October 2015 will likely mark the beginning of the end for “swipe and sign” credit and debit card transactions in the United States. Businesses that have not upgraded their systems to accept card payments according to Europay, MasterCard, and Visa (EMV) standards at this point will find themselves liable for losses caused by fraudulent payments. The question remains, though, whether retailers—including those in the restaurant, food and beverage, and hotel industries—will manage to upgrade their systems in time.
Currently, most credit and debit card transactions in the United States are conducted via “swipe and sign,” in which consumers swipe the magnetic strip (“magstripe”) on the back of a card through a payment terminal and then sign the corresponding transaction receipt to authorize payment. Come October, though, all major credit card companies will require the adoption of EMV standards for the U.S. market. These standards require that payment terminals read the micro computer chip (chip card) embedded on credit and debit cards instead of their magnetic strips to recognize transactions.
The U.S. has been very slow and reticent to adopt chip card technology, despite the fact that EMV is the global technological security standard. When fully implemented, EMV standards require chip and PIN (personal identification number) usage.

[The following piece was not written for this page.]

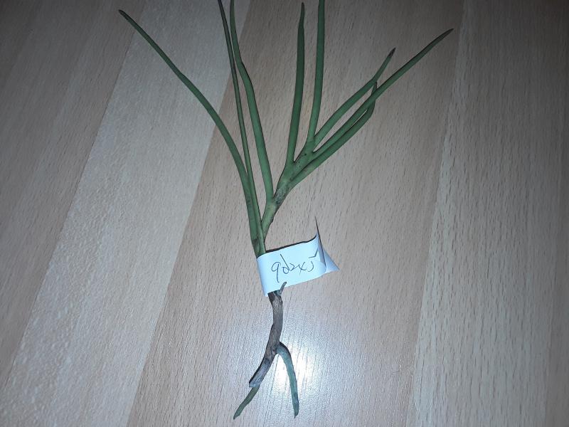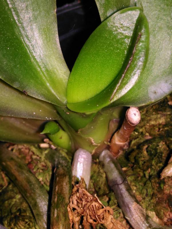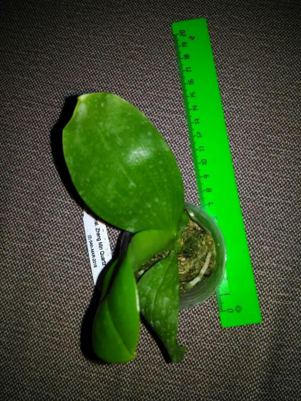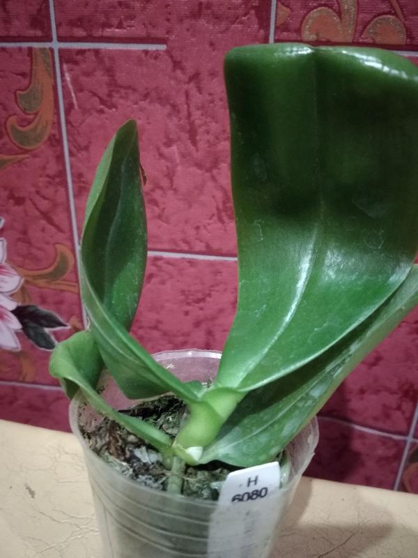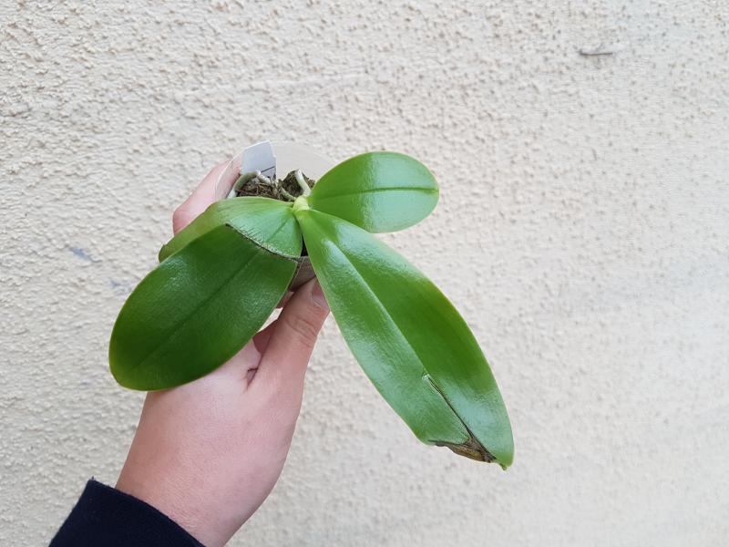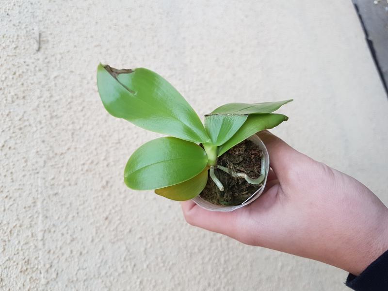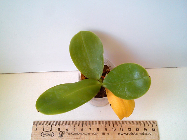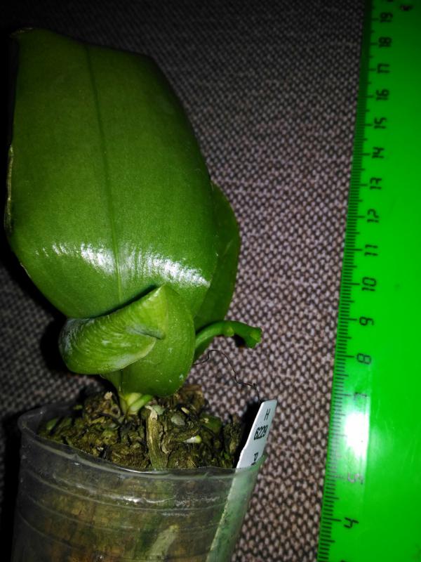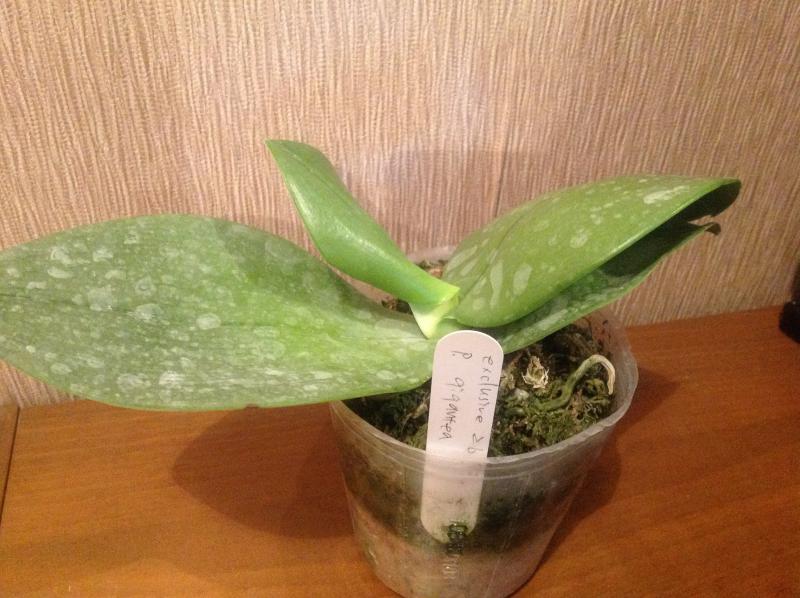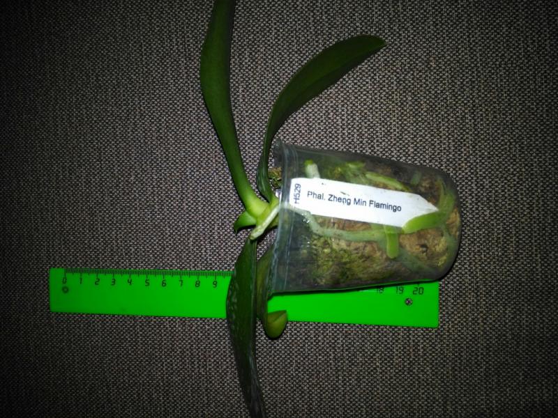 Пришло растение с тремя листиками, самый длинный из которых 13 см, а самый маленький полсантиметра. Корней живых много. В стаканчик этого размера перевалено недавно. Внешний слой мха свежий, корни к нему еще не пробились.

The chip, which appears in the card itself, enables merchants to process transactions with a higher degree of encryption security than the traditional magstripe. The PIN, which is a number selected by the consumer, is considered to be more difficult to obtain than a signature is to forge. Merchants must have updated their terminals to be able to accept EMV technology in order to accept payments through chip—or chip and pin—transactions.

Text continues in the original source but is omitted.